The researchers from Darmstadt have distilled a strategy (“typology”) from the investigated XIL methods that can be used to efficiently mitigate the described shortcut behaviour.

The XIL typology centres around man and machine. The machine makes a decision and explains it to the human (here which features are important for a decision, e.g. “1”). The human in turn corrects the machine's decision (here, which features are really important or unimportant from the human's point of view). The machine uses this feedback for future decisions, which makes it more reliable.

Follow-up project already started

Felix Friedrich and his colleagues are already working on the next project intended to improve the interaction between humans and machines.

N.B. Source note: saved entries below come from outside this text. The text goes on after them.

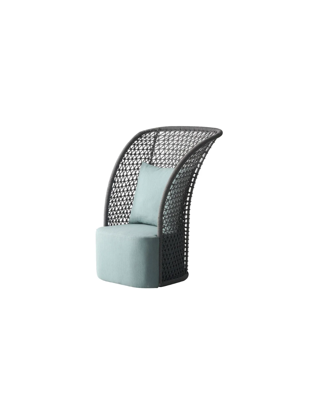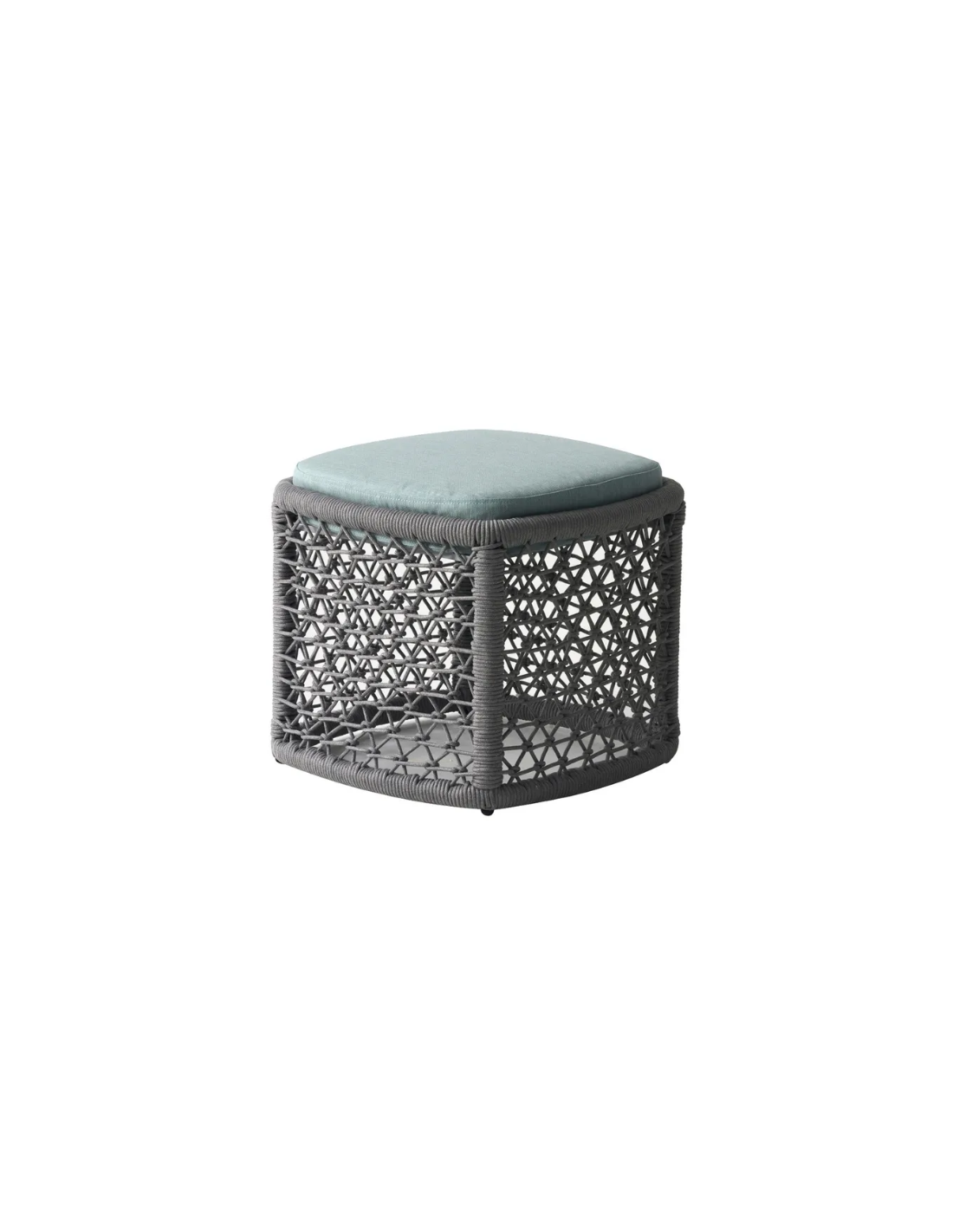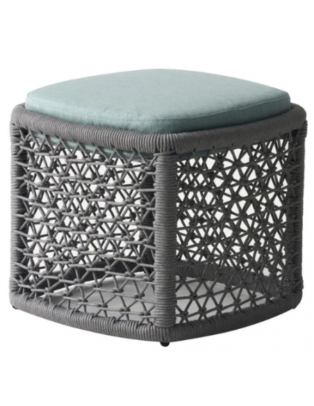 Loungestol med skammel til haven, udført i et design af grå syntetisk rattan med stel af aluminium og med tyk komfortabel hynde og rygpude i azurblå vandafvisende olefin (vandafvisende, ikke vandtæt). Stolen tåler at stå ude hele sommeren og er resistent overfor regn og fugt.
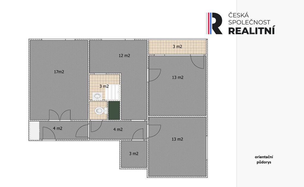 Tři neprůchozí pokoje s výhledem do zeleně. Lodžie ideální pro ranní kávu či relaxaci.
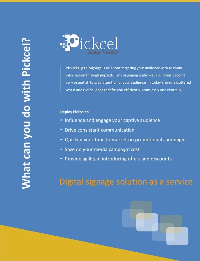 Pickcel - Cloud Digital Signage Solutions. Web pickcel is a leading cloud digital signage software solution provider. Search for 'pickcel digital signage.
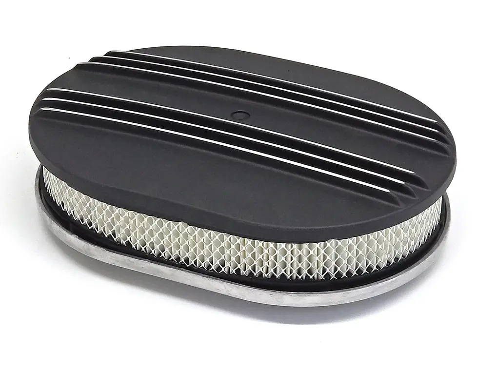 12" Oval Half Finned Air Cleaner - Black Aluminum for Classic Chevy Ford
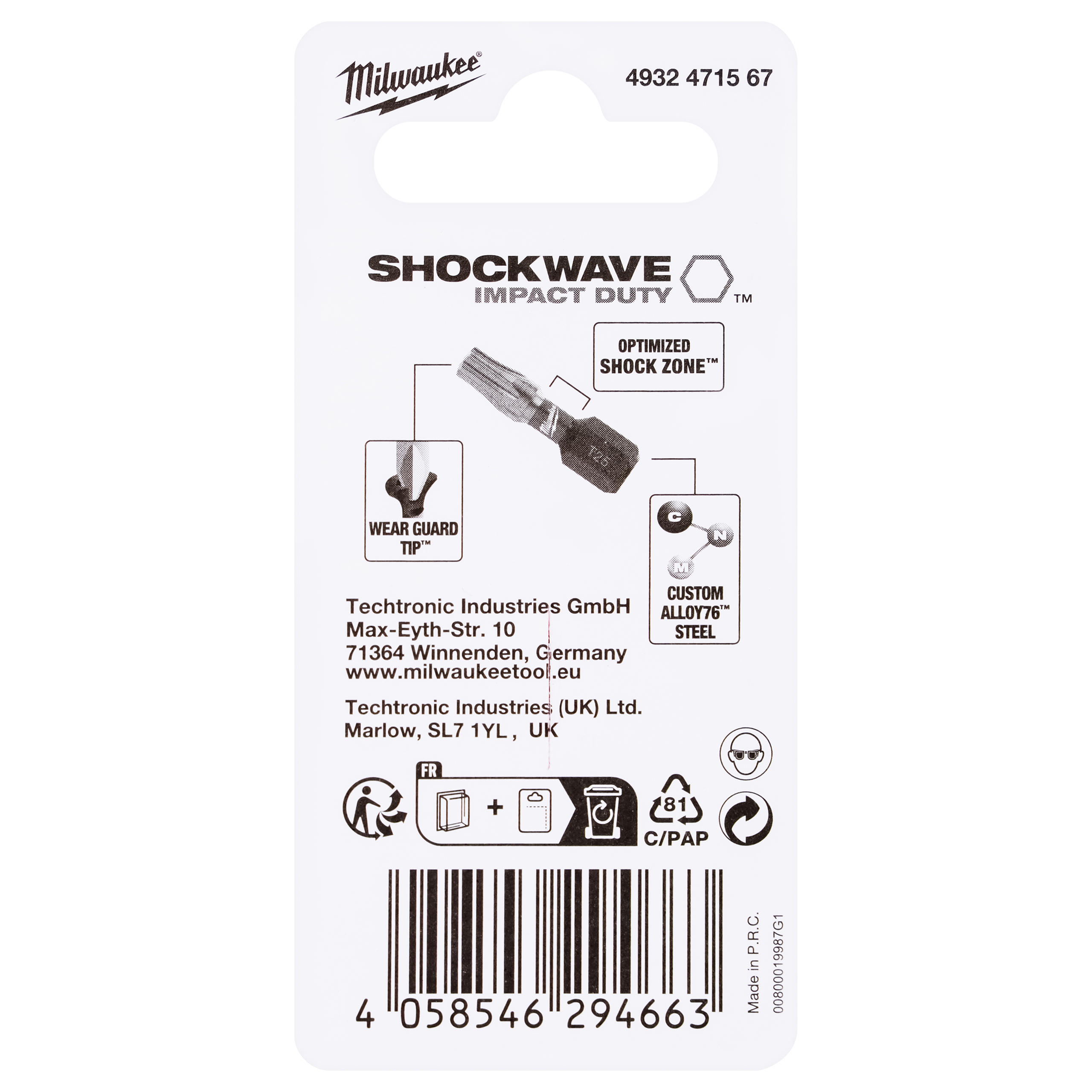 Bity udarowe Milwaukee Shockwave TX7, 25 mm
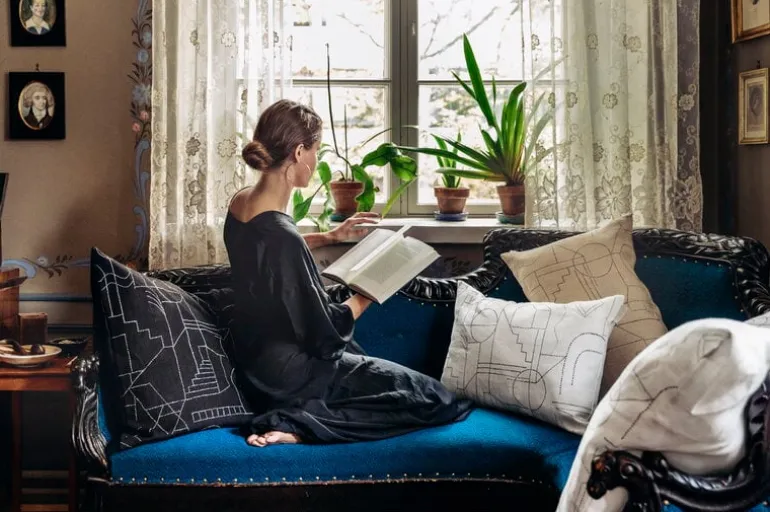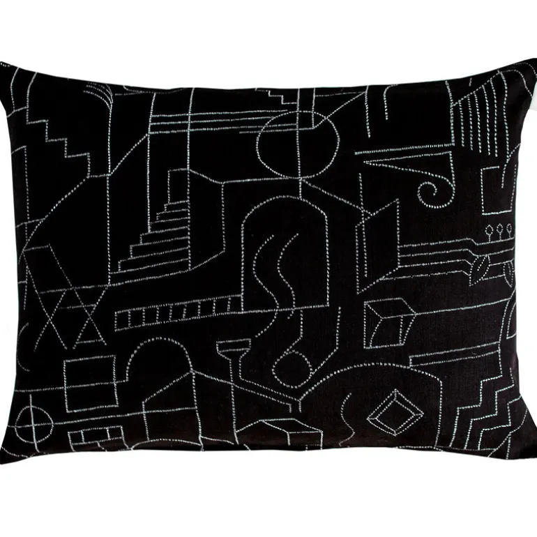 Unien talo-kuddfodralet av Saana ja Olli hämtar inspiration från arkitektoniska drömmar och finsk hustradition. Unien talo (”drömmarnas hus”) kännetecknas av abstrakta mönster som målats i tydliga, subtila linjer. Alla Saana ja Olli-produkter är tillverkade av 100 % slitstark hampa och passar i vardagslivet. Produkterna är transparent tillverkade i Finland.

This time it is about text-to-image generation models, which often have a bias. When instructed to display a “firefighter”, they usually generate images of white men wearing firefighter helmets, which is due to the fact that images of white male firefighters dominate in the training data. The researchers from Darmstadt hope human interaction will help make the training data for such image generators more diverse by filtering, but also by adding more images, e.g. of firefighters with different racial appearances. This will bring Felix Friedrich closer to his goal of “human-guided machine ethics”.

The authors of the publication conduct research at the Technical University of Darmstadt, at the Hessian Center for Artificial Intelligence, and at the German Research Center for Artificial Intelligence (DFKI). The research is part of the cluster project “3AI – The Third Wave of Artificial Intelligence”.

The publication:

Felix Friedrich, Wolfgang Stammer, Patrick Schramowski & Kristian Kersting: A typology for exploring the mitigation of shortcut behaviour. Nature Machine Intelligence (2023).